The reason, say Elgin and Epstein (in Business Week's November 2009 issue), lies in pork-barrel politics. More than 30,000 people in 43 US states are employed to build the C-17. They all have votes and could mark their displeasure at the ballot box if the orders dried up and their jobs were lost.
The federal government desperately needs to curtail military spending and reshape the US armed forces for counterinsurgency rather than Cold War. But by spreading manufacturing across a large number of states, contractors can now deliberately design military projects to be difficult to kill.
Politics and major spending projects are rarely comfortable bed-fellows, as the history of high-speed rail in the UK demonstrates.
In the November 2009 issue of Management Today, Caulkin highlights the underinvestment, absence of vision and lack of political will that have dogged railways in Britain since the end of the Second World War. British Railways showcased its latest express steam locomotive at the 1951 Festival of Britain - two years after France built its last steam engine. While France was forging ahead with electrification of its principal rail routes using Marshall Aid from the USA, Britain was "timidly patching an antiquated network". And by the 1970s, France was building new tracks and trains for its high-speed network while Britain was still simply upgrading existing tracks between its principal population centres, for trains that would run just over half as fast as the TGV.
The result is that France now has more than 1,000 miles of high-speed track while Britain has just 68 - between London and the Channel tunnel.

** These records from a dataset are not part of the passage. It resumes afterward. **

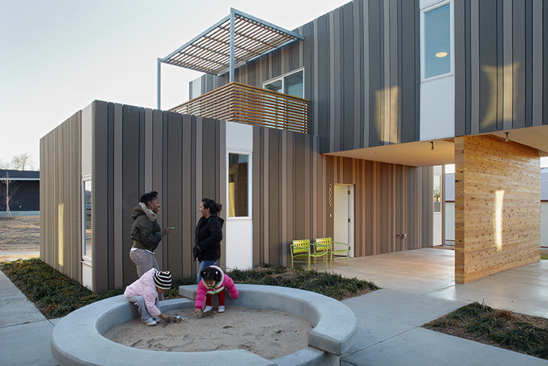 Некоторое время назад жилищное управление города Топика, штат Канзас, США, получило национальный грант, направленный на стимулирование развития инновационного и экологически рационального строительства в секторе малобюджетного жилья. В рамках этого гранта архитекторам из местной компании необходимо было предложить новый взгляд на дома-дуплексы, учитывать ограниченный бюджет и придерживаться «зелёных стандартов».
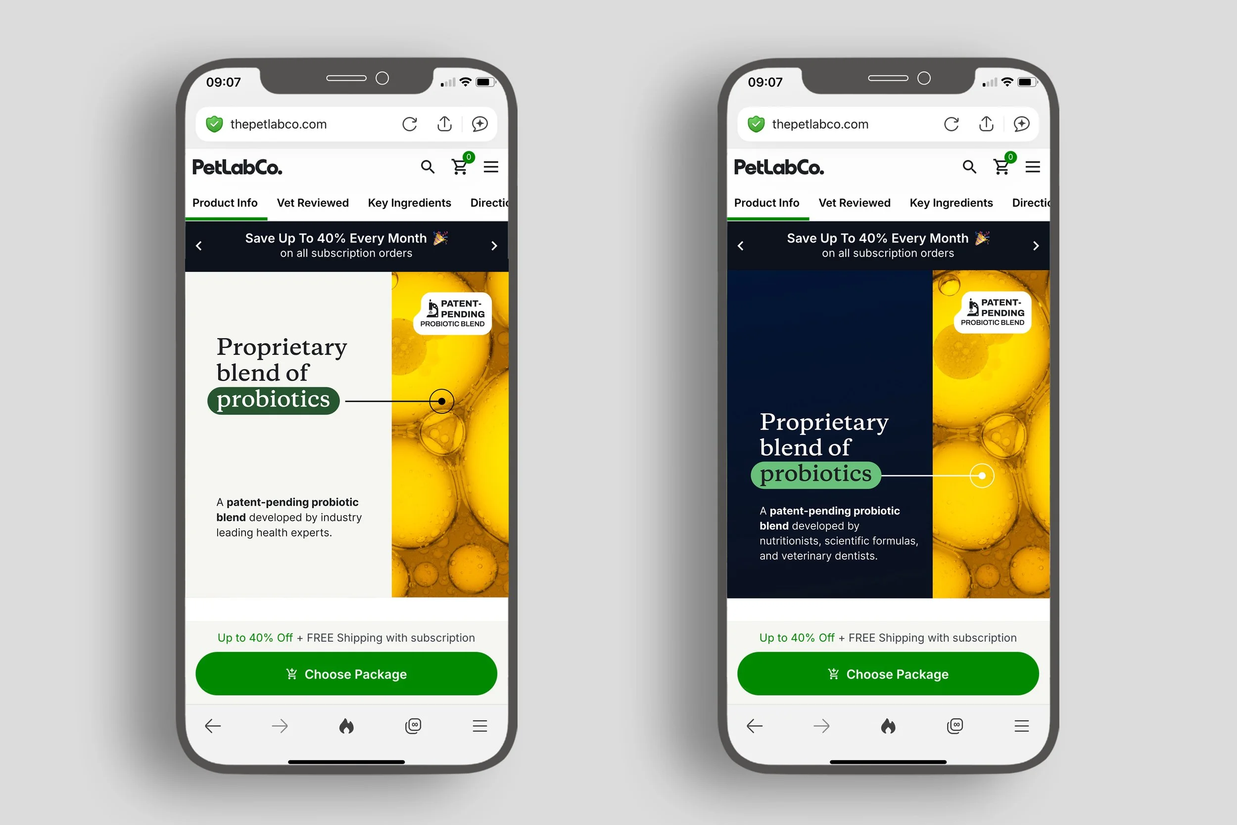 The previous carousel (left) next to the new re-branded carousel slide (right). The newer slide uses the same copy but draws more attention to the ingredient photography and textured feature of the product.
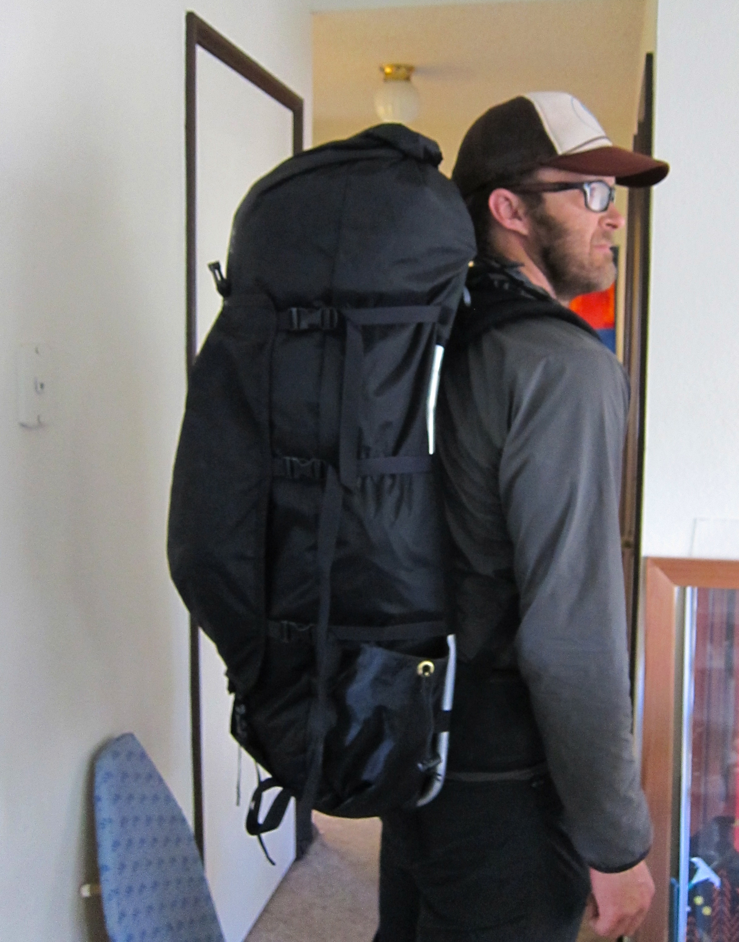 The Paradox frame is 14 inches wide at the base, narrowing to about 8 at the top. The back panel follows this taper, while the front panel remains the same width, and the side panels get wider towards the top. The result is that the bag is wide and narrow at the bottom, and gets deeper and more cylindrical as the shoulder and above. The way this bag shape tends to distribute weight is awesome. Overall, I could not be more excited about this pack. It’s a hair smaller than the similar bag I built for my Grand Canyon trip back in March, but in a fabric and with a slightly altered feature set which makes it more suitable for year-round use up here in Montana.
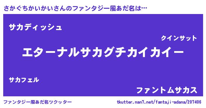 | 意味不明あだ名 | 『さかぐちかいかいフォーエバー』 |
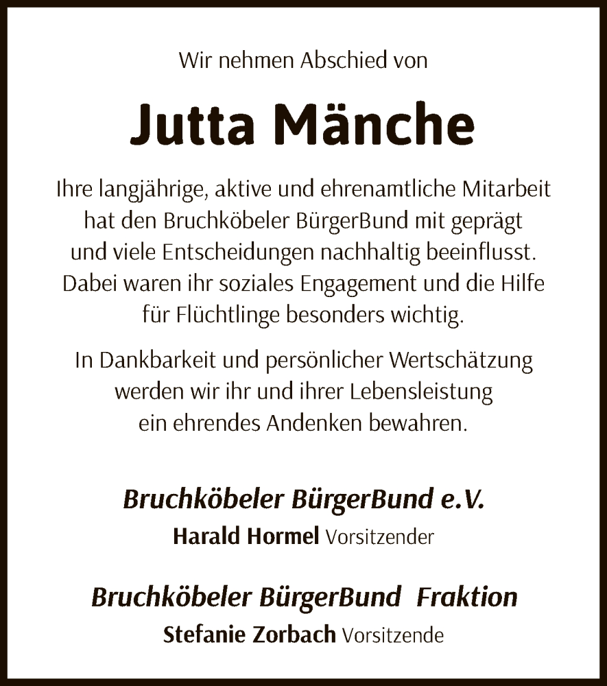 Hier finden Sie alle Traueranzeigen aus der Zeitung, die bisher für Jutta Mänche erschienen sind. Weitere Traueranzeigen, die in der Zeitung erscheinen, werden hier ebenfalls aufgelistet
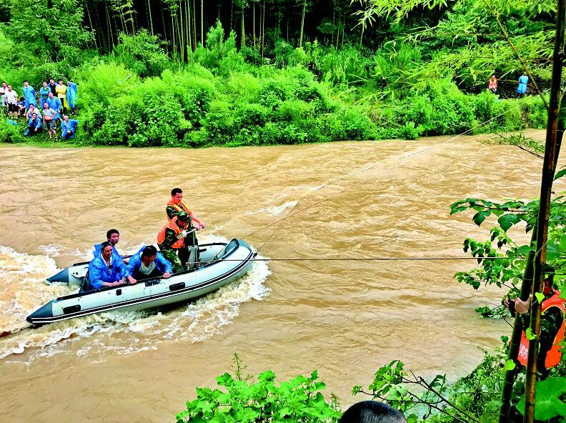 圖為昨日清晨崇陽(yáng)40人送葬隊(duì)伍突遇山洪被困,消防官兵拋繩擺渡安全轉(zhuǎn)移。
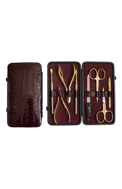 В чехле из натуральной кожи с металлическим каркасом и замком-защелкой — десять предметов, необходимых для ухода за руками и бородой. Это пинцет, пилка, двусторонний пушер-клиннер, трое щипцов (для ногтей и для заусенцев) и четыре пары ножниц (парикмахерские, для ногтей, заусенцев, усов, носа и бороды). Все инструменты выполнены из закаленной высокоуглеродистой стали, которая долго сохраняет остроту режущих кромок. Во избежание окисления металла инструменты после каждого использования нужно тщательно вытереть и хранить в чистоте и сухости.
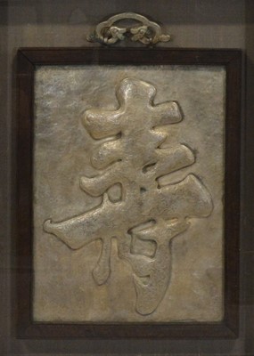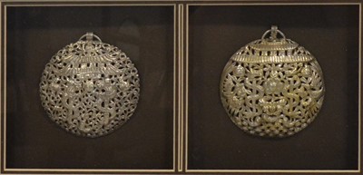 Two Chinese white metal screen panels, rectangular forms, embossed and tooled, in hardwood frames with suspension handles, each measuring (Qty: 2) ... read more
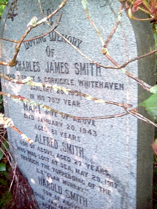 ... ALFRED SMITH/SON OF THE ABOVE AGED 27 YEARS/WHO WAS LOST AT SEA MAY 29, 1917/THROUGH THE TORPEDOEING OF THE/SS "CLAN MURRAY"
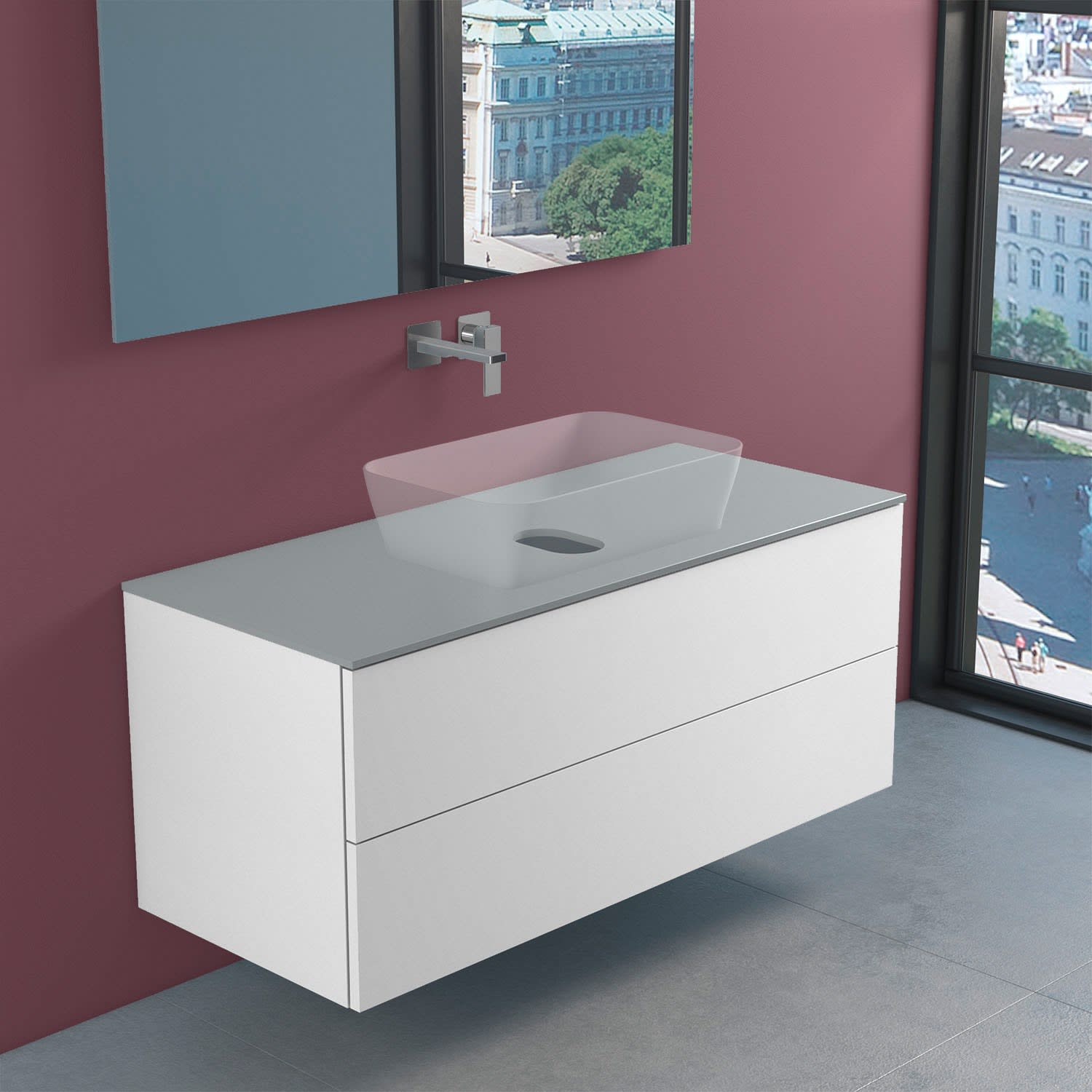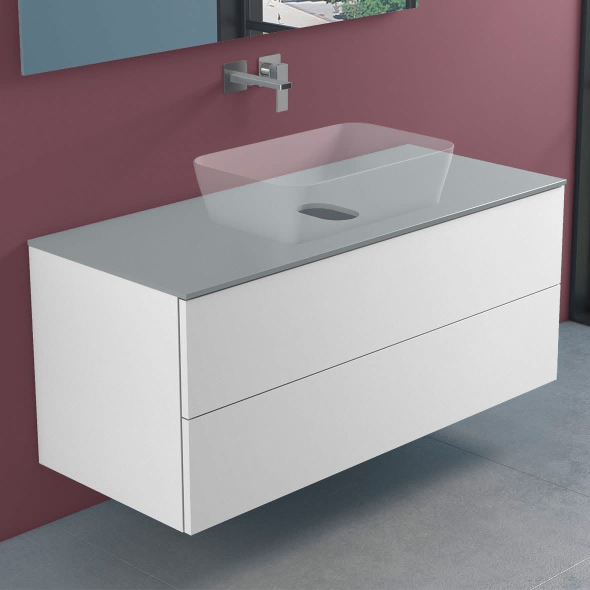 progettobagno Elba Modular Glass Waschtischkonsole 120 cm ohne Hahnlochbohrung
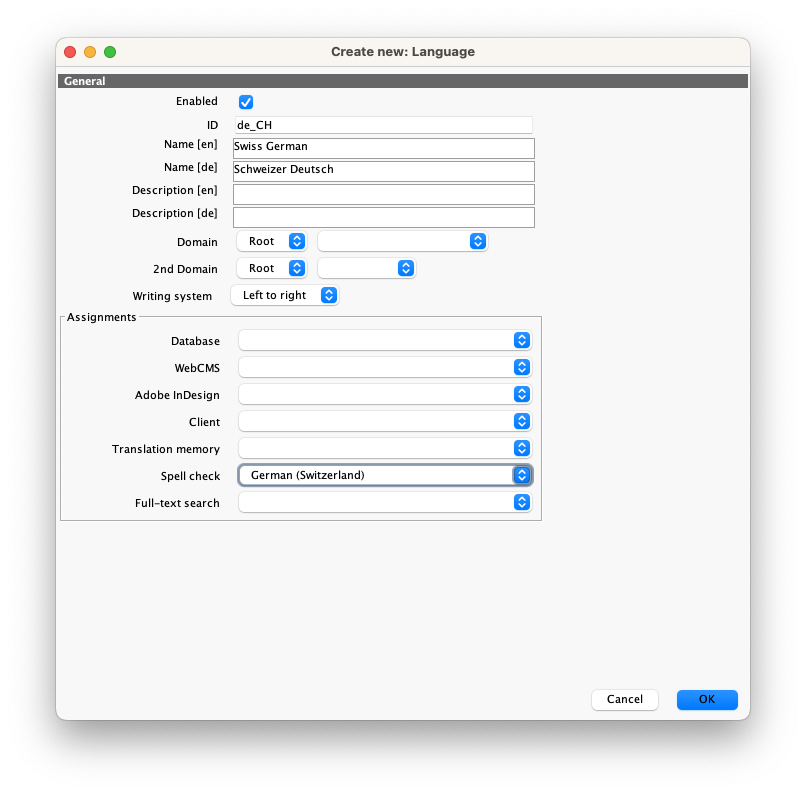 You do not have to fill out all Assignments. For the purpose of spellchecking, you only need to select a language from the Spell check dropdown. Those are existing ISO languages.
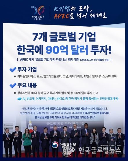 7개 글로벌 기업 한국에 90억 달러 투자!
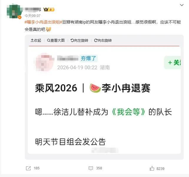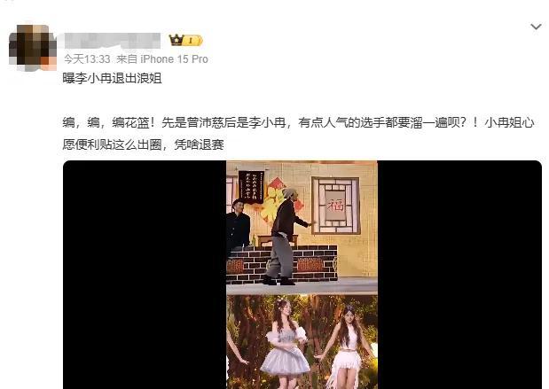 4月19日,有多位網友在社交平臺發文:“曝李小冉退出浪姐”。
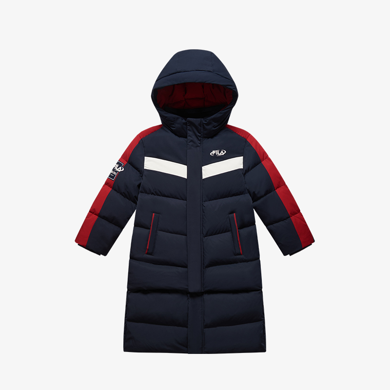 FILA斐乐童装儿童羽绒服长款2024冬季新款男童中大童保暖外套加厚
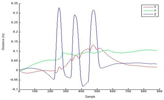 The result of the test by applying Madgwick’s filter is satisfied. During a test, we moved our system device up and down three times. As shown in Figure 4, we got relatively accurate feedback of the 3D positioning data. Indeed, the Madgwick algorithm eliminates the drifting error from integrating the velocities. The three different curves stand for the changing distances over time on the X axis, Y axis, and Z axis in a 3D space. The dynamic distance on the Z axis (blue lines) shows exactly three times up and down of the device. The range of vertical movements is ~0.33 m for the first moving-up and down, ~29 cm for the second circle, and ~32 cm for the last one, respectively. The next step is to validate the accuracy of the device.
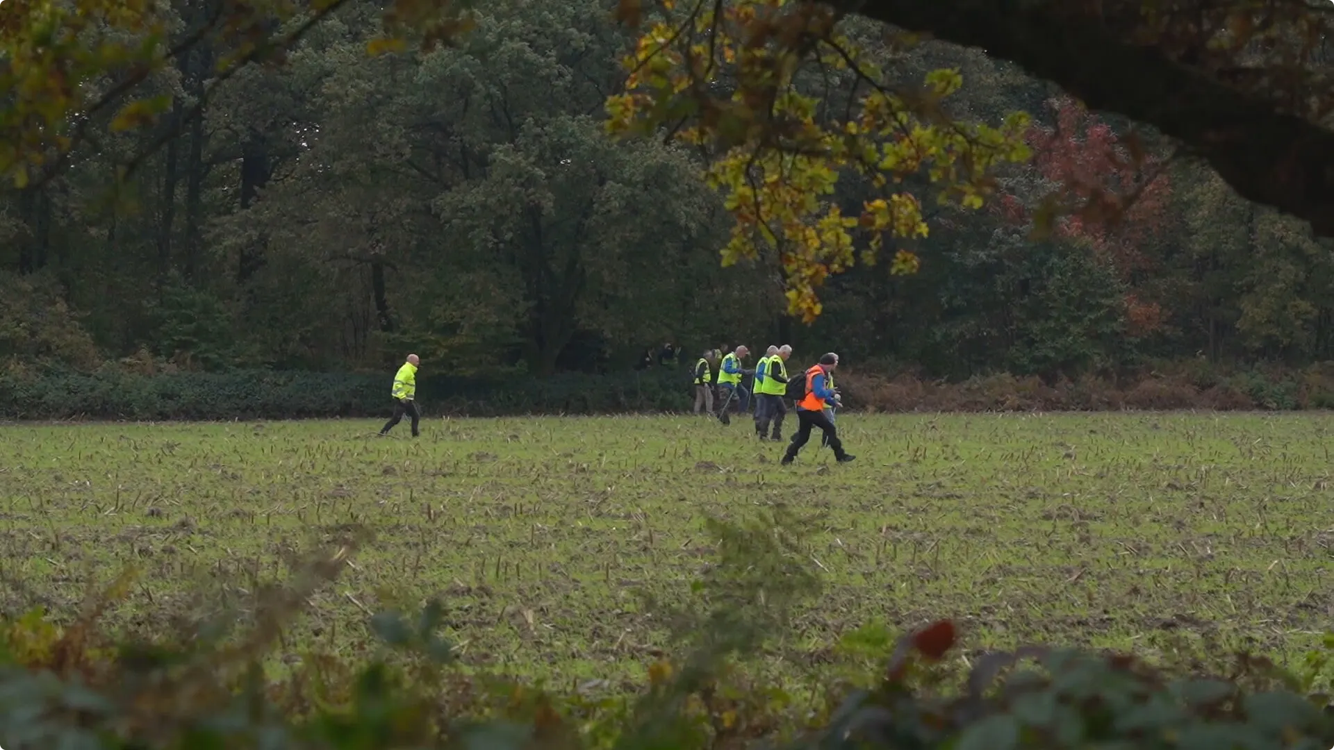 In de uiterwaarden van de Neder-Rijn tussen Heveadorp en Oosterbeek is gezocht met honden en paarden.
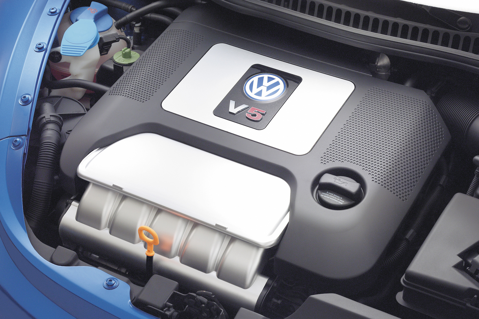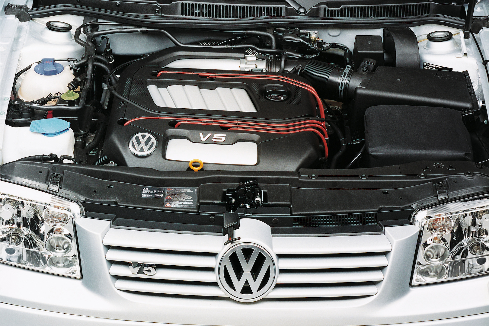 From the VR6, VW developed a smaller 2.3-liter VR5, which it made from 1997 to 2006. These five-cylinders had iron blocks and aluminum heads, initially with two valves per cylinder, but later upgraded to four with variable valve timing. They made 168 horsepower and 162 pound-feet of torque in the Golf, New Beetle, Passat, and Bora, but in only some markets, and only for a decade. The reasons seem obvious: It wasn’t very powerful for its displacement, but it was complex, and therefore harder to work on. (It was the second shortest-lived configuration of all the VR and W engine family, second only to the W8 which lasted three years.)
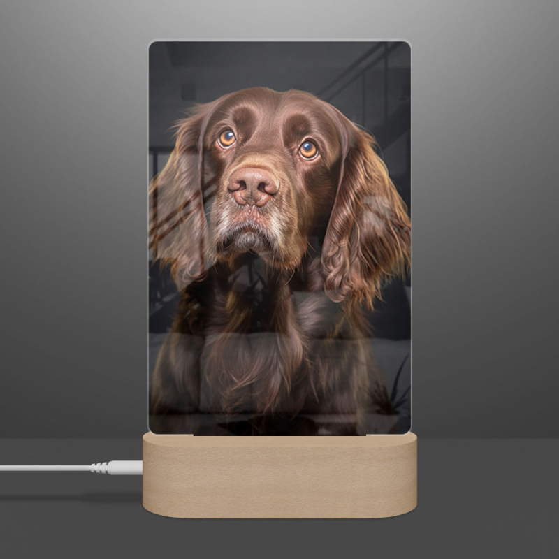 Lampa s digitální grafikou psa
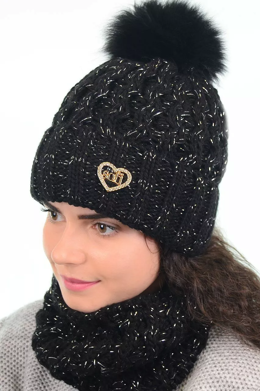 Хомут и зимняя шапка с бумбоном - смотрятся красиво и стильно.
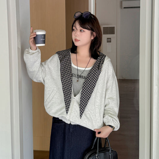 大きいサイズ レディース チェック柄リボンカジュアルパーカージャケット LL 3L 4L 5L
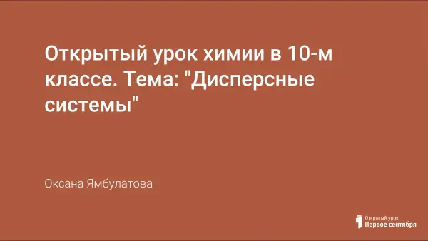 Открытый урок химии в 10-м классе. Тема: "Дисперсные системы"
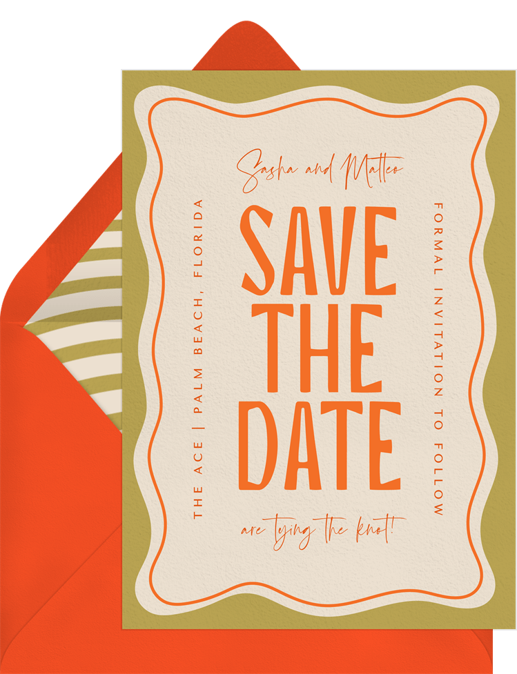 save the dates retro trip orange wedding Designs

Caulkin points out that Britain is unlikely to catch up with its main competitors any time soon. A high-speed line from London to Birmingham and then north to Scotland is on the drawing board. It has the strong support of Transport Secretary and rail enthusiast Lord Adonis. But the UK record on large infrastructure projects is not encouraging, and it could easily be a victim of public-spending cuts.
Meanwhile, China is spending $60 billion on a high-speed network linking its major cities and creating hundreds of thousands of jobs. The country plans to have 5,678 miles of high-speed track in place by 2025 - when Spain and France will each have more than 4,000 miles and Japan 3,774.
Caulkin also has a sobering story about Britain's engineering base. High-speed train builder Alstom was originally a 50-50 joint venture with the UK's GEC. But GEC pulled out of heavy engineering in the late-1990s to concentrate on telecommunications. Renamed Marconi, it crashed when the dot-com bubble burst. The British Government sat on the sidelines and allowed all this to happen.
The French Government, in contrast, bailed out Alstom, by now French owned, when it ran into difficulties in 2003. The move was entirely consistent with French Government policy of backing national champions - sectors and companies that civil servants have earmarked for investment and growth.
As a result, Alstom leads the world in building high-speed trains, while train-building in Britain has hit the buffers.